Robert J. Gifford edited this page Nov 27, 2024 · 1 revision

This page details the methodology applied to define genogroups and genotypes within BTV-GLUE, a GLUE project focused on the comparative genomics of bluetongue virus (BTV).

1. Data Collection and Initial Sequence Processing


  • Sequence Collation: All BTV sequences were collated from GenBank as of the date 30-06-2018.

  • Exclusion of Sequences: Certain sequences were manually excluded from the analysis based on specific criteria.

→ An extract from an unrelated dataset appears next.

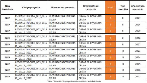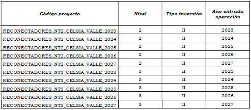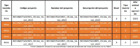 Adicional a la eliminación de 5 de los proyectos solicitados en el plan de inversión, se puede notar que la Comisión realizó modificación de los años de entrada de operación en los Proyectos reportados bajo los conceptos de Reconectadores Celsia Valle para los años 2024, 2025 y 2026, cambiándolos sin ninguna justificación, como se detalla en la siguiente tabla:
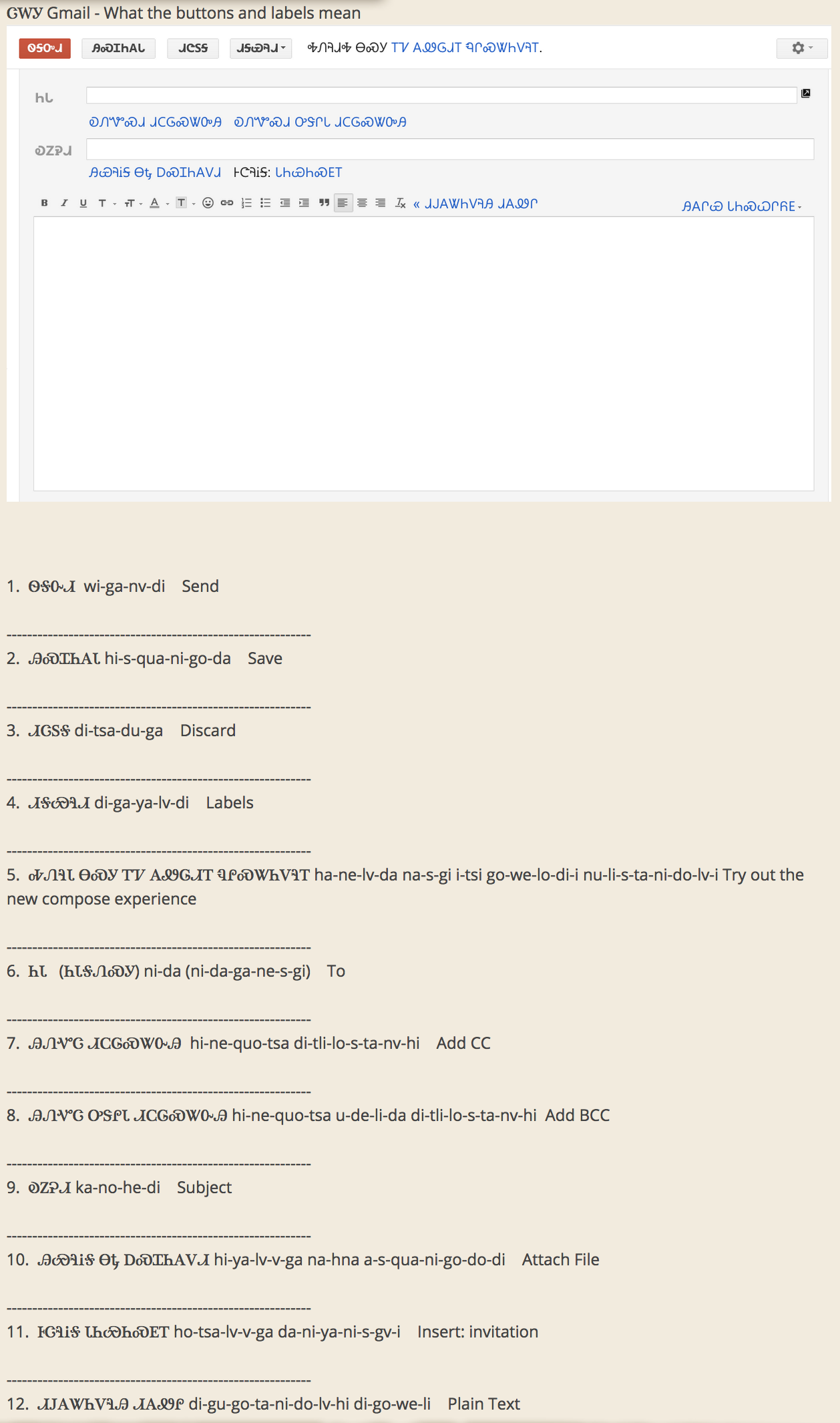 In 2012, Cherokee Nation finished translating Google’s Gmail and it became the first email service to be translated into a Native American language. Below are instructions and a screenshot of a new message with the translated terms.

The accession numbers of these sequences and the reasons for their exclusion are documented in the following file:

    • BTV-GLUE/tabular/formatted/sequences_to_exclude.txt

2. Segment Assignment and Reference Selection


  • Segment Assignment Procedure:

    • A combination of GenBank annotations and the BLAST-based btvSegmentRecogniser module was used to assign each sequence to its corresponding segment.
  • Master Reference Sequences: The master reference sequences selected for each segment are as follows:

    • Segment 1: JX680457
    • Segment 2: JX680458
    • Segment 3: JX680459
    • Segment 4: JX680460
    • Segment 5: JX680461
    • Segment 6: JX680462
    • Segment 7: JX680463
    • Segment 8: JX680464
    • Segment 9: JX680465
    • Segment 10: JX680466
  • Outgroup Sequences:

    • Epizootic Hemorrhagic Disease Virus (EHDV): AM744977-AM744986
    • Palyam Virus (PATAV): JQ070386-JQ070395

3. Sequence Length Criteria for Segment Inclusion


  • Segments 1-9: Sequences must have a length of at least 90% of the segment master reference length to ensure the coding region is adequately captured.

  • Segment 10: Due to the smaller proportion of the coding region, sequences need to be at least 80% of the segment master reference length.

4. Alignment Construction


  • Nucleotide Alignment:

    • A nucleotide alignment (BTV_COMPL_SEG_NT) was constructed using MAFFT v7.299b (default settings) for each segment, incorporating the master reference sequence along with all non-excluded GenBank sequences.
  • Protein Translation and Outgroup Integration:

    • Each sequence in the nucleotide alignment was translated into an unaligned protein sequence of its coding region.
    • Protein translations of the relevant outgroup sequences were combined and aligned using MAFFT v7.299b.
  • Reverse Translation to Nucleotide Alignment:

    • The aligned protein sequences were reverse-translated back to nucleotide sequences using TBLASTN in GLUE's blastFastaAlignmentImporter pattern.
    • This produced BTV_OUTG_CODON alignments (outgroup codon alignments) that were inspected and manually curated.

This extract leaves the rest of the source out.